The other experience, which I don’t mention in the reflection, happened when I was praying outside, probably about 20 years ago. I was standing beside a pond near the Houston Trailhead in Langley, BC, a place I used to visit regularly to pray and meditate. On this particular day I decided to simply stand and be still. Almost immediately I saw a small flash out of the corner of my eye, and what followed I can only describe as an overwhelming feeling that everything was connected. I didn’t have language for it at the time, so I simply called it my “oneness experience.”

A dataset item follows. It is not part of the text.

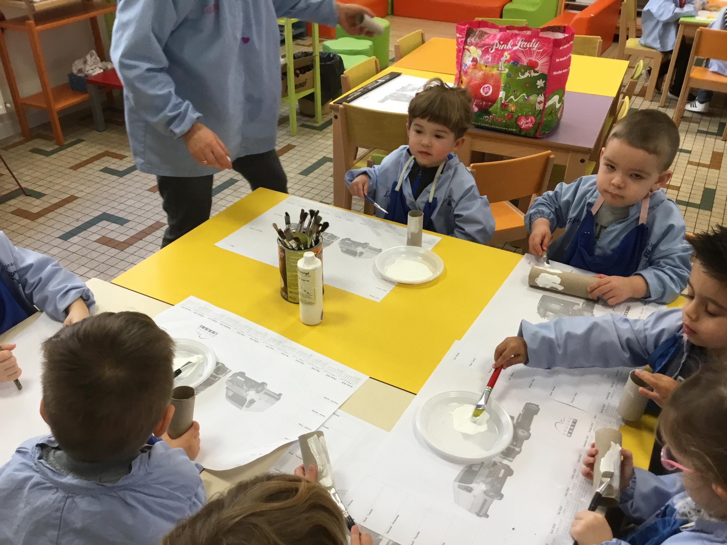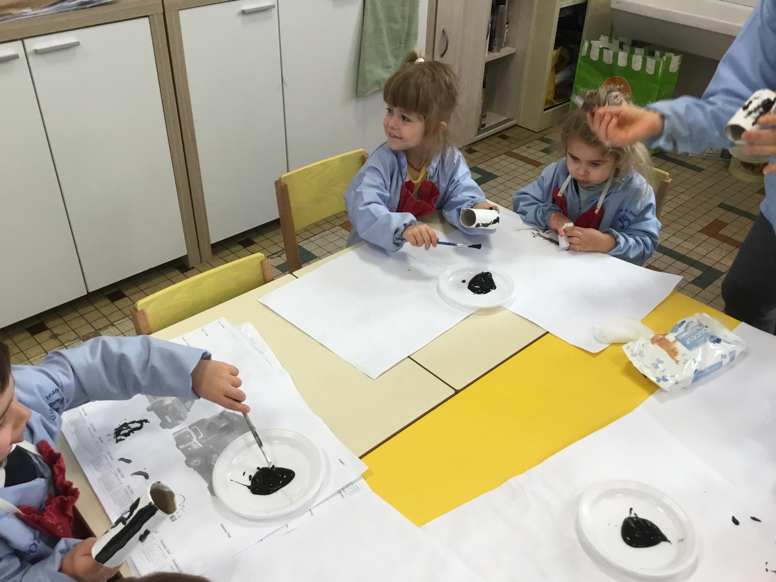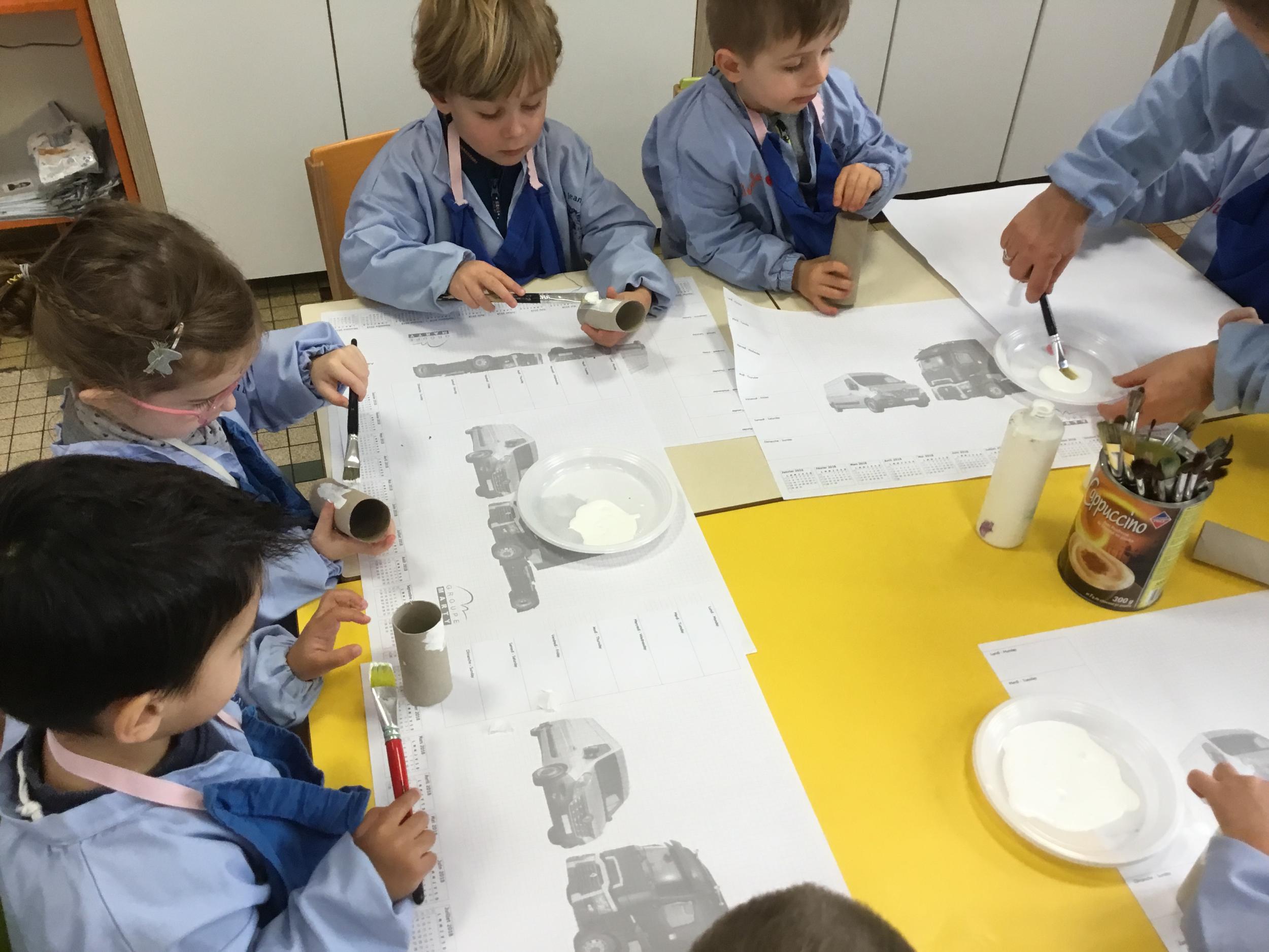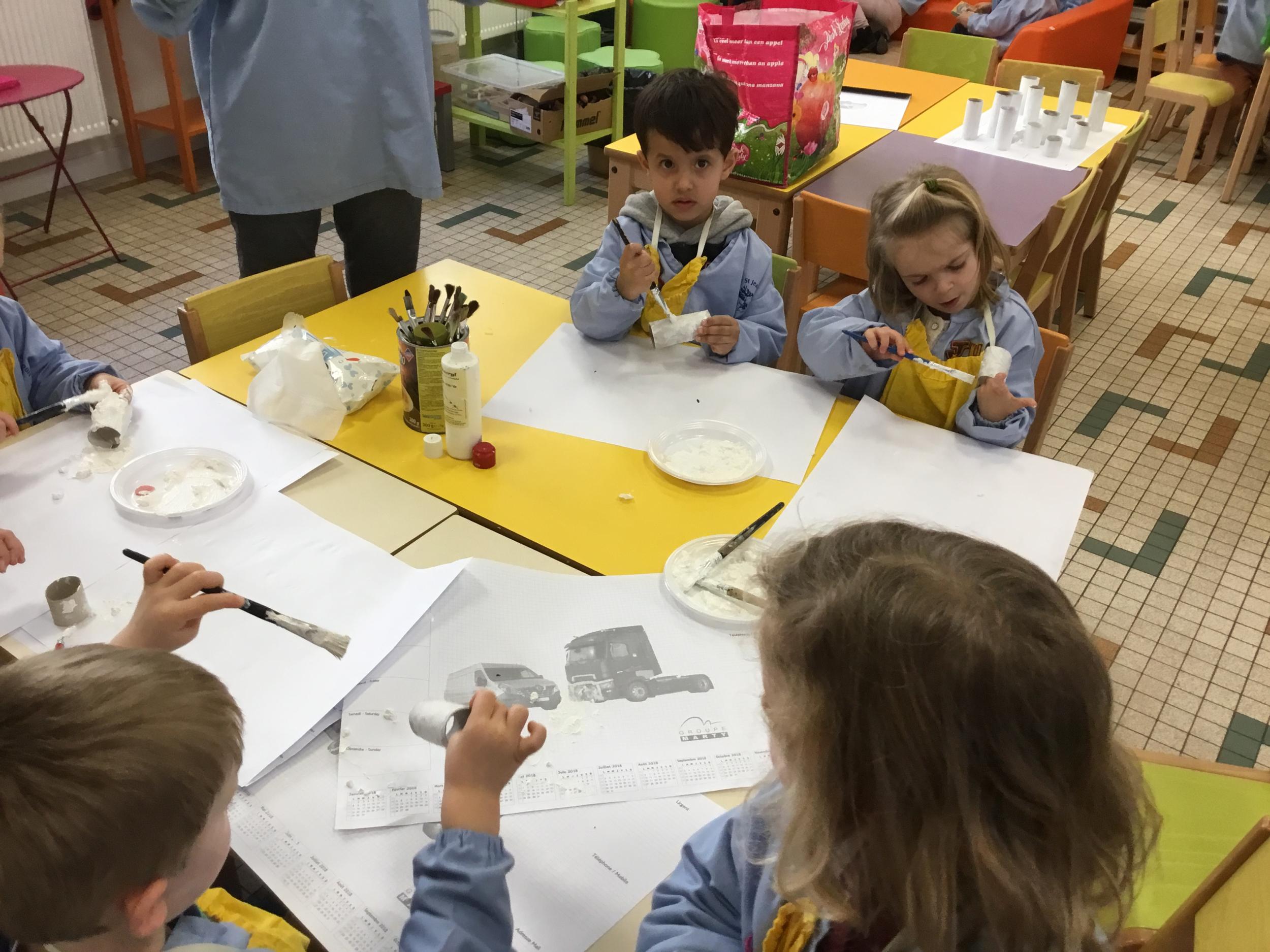 01/03/2020 Pour clôturer le travail sur le trait vertical les élèves ont travaillé à partir des colonnes de Buren. Ils ont peint en blanc des rouleaux de carton puis à l’aide d’un pinceau, ils ont tracé des lignes verticales noires.
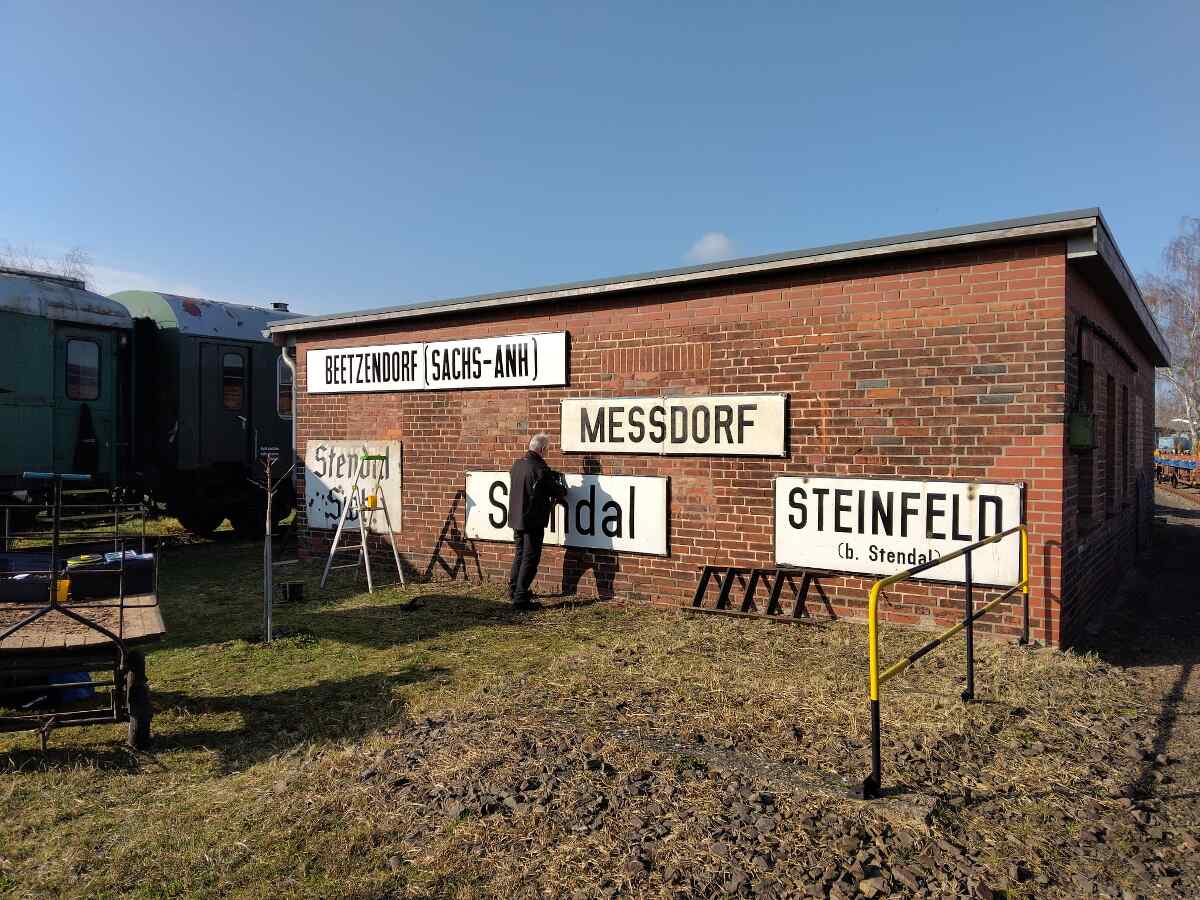 New old exhibits can also be found at the so-called coal yard. Here we have installed a number of station signs from railway stations, some of which have long since been abandoned. They come from the collection of the late Wolfgang List from Stendal.

Interestingly, when I got back to the trail, I heard the words in my mind: Be still and know that I am God, from Psalm 46. It was a God moment. My knees buckled and I nearly fell over. That experience is one I’ve been unpacking ever since, and I think I will be for the rest of my life. The idea that all things are connected was new to me then, and I still believe it’s a mystery, perhaps even a gift given to me by God or the universe to contemplate for a lifetime. I am so grateful for this gift.
The fruit of that experience is this: when I remind myself that all things are connected and simply say the word one, I feel a deep sense of connection with whoever I’m with, and all judgment immediately falls away, even in traffic! Some contemplative teachers have said that this realization of oneness is love. Having practiced it and experienced it, I have to agree. As judgment diminishes, it really does feel like a form of love.
If you watch the video or listen to the audio, please let me know what you think. The video has some graphics that I hope will add to the experience. I’m not really interested in theological debate, but I would love to hear your thoughts about your own experiences with awareness and what comes up for you when you engage with the reflection.
May you experience what it feels like to be connected to all things. May that knowledge enrich your life, as judgment diminishes and you discover a dimension of love.